Chebyshev expansion on intervals with branch points with application to the root of Kepler’s equation: A Chebyshev–Hermite–Padé method

摘要

When two or more branches of a function merge, the Chebyshev series of u(λ) will converge very poorly with coefficients an of Tn(λ) falling as O(1/nα) for some small positive exponent α. However, as shown in [J.P. Boyd, Chebyshev polynomial expansions for simultaneous approximation of two branches of a function with application to the one-dimensional Bratu equation, Appl. Math.
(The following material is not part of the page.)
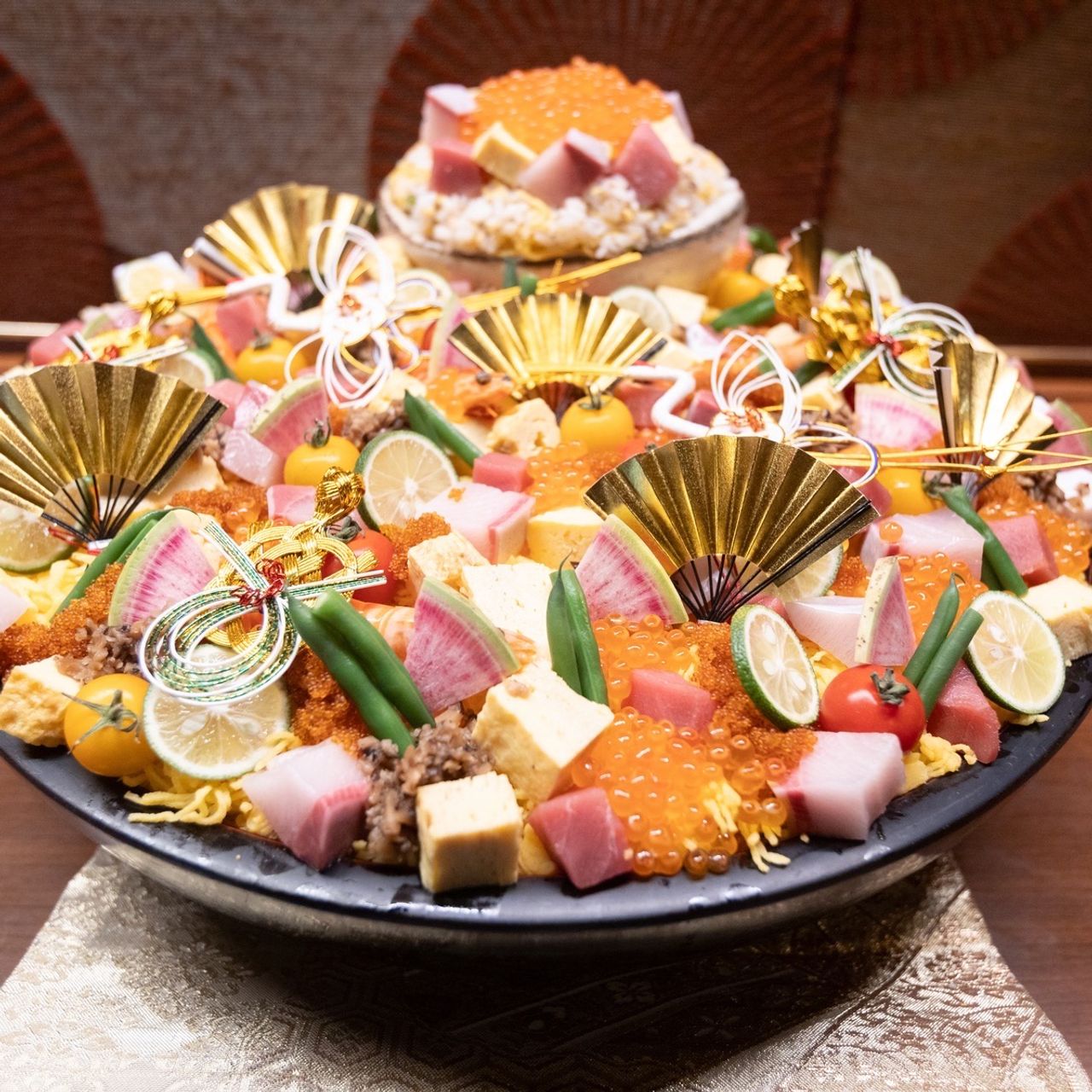 ケーキよりも和装に合うと思い、ちらし寿司に変更しました。

Comput. 143 (2002) 189–200], it is possible to obtain approximations that converge exponentially fast in n. If the roots that merge are denoted as u1(λ) and u2(λ), then both branches can be written without approximation as the roots of (u−u1(λ))(u−u2(λ))=u2+β(λ)u+γ(λ). By expanding the nonsingular coefficients of the quadratic, β(λ) and γ(λ), as Chebyshev series and then applying the usual roots-of-a-quadratic formula, we can approximate both branches simultaneously with error that decreases proportional to exp(−σN) for some constant σ>0 where N is the truncation of the Chebyshev series. This is dubbed the “Chebyshev–Shafer” or “Chebyshev–Hermite–Padé” method because it substitutes Chebyshev series for power series in the generalized Padé approximants known variously as “Shafer” or “Hermite–Padé” approximants. Here we extend these ideas. First, we explore square roots with branches that are both real-valued and complex-valued in the domain of interest, illustrated by meteorological baroclinic instability. Second, we illustrate triply branched functions via roots of the Kepler equation, f(u;λ,ϵ)≡u−ϵsin(u)−λ=0. Only one of the merging roots is real-valued and the root depends on two parameters (λ,ϵ) rather than one. Nonetheless, the Chebyshev–Hermite–Padé scheme is successful over the whole two-dimensional parameter plane. We also discuss how to cope with poles and logarithmic singularities that arise in our examples at the extremes of the expansion domain.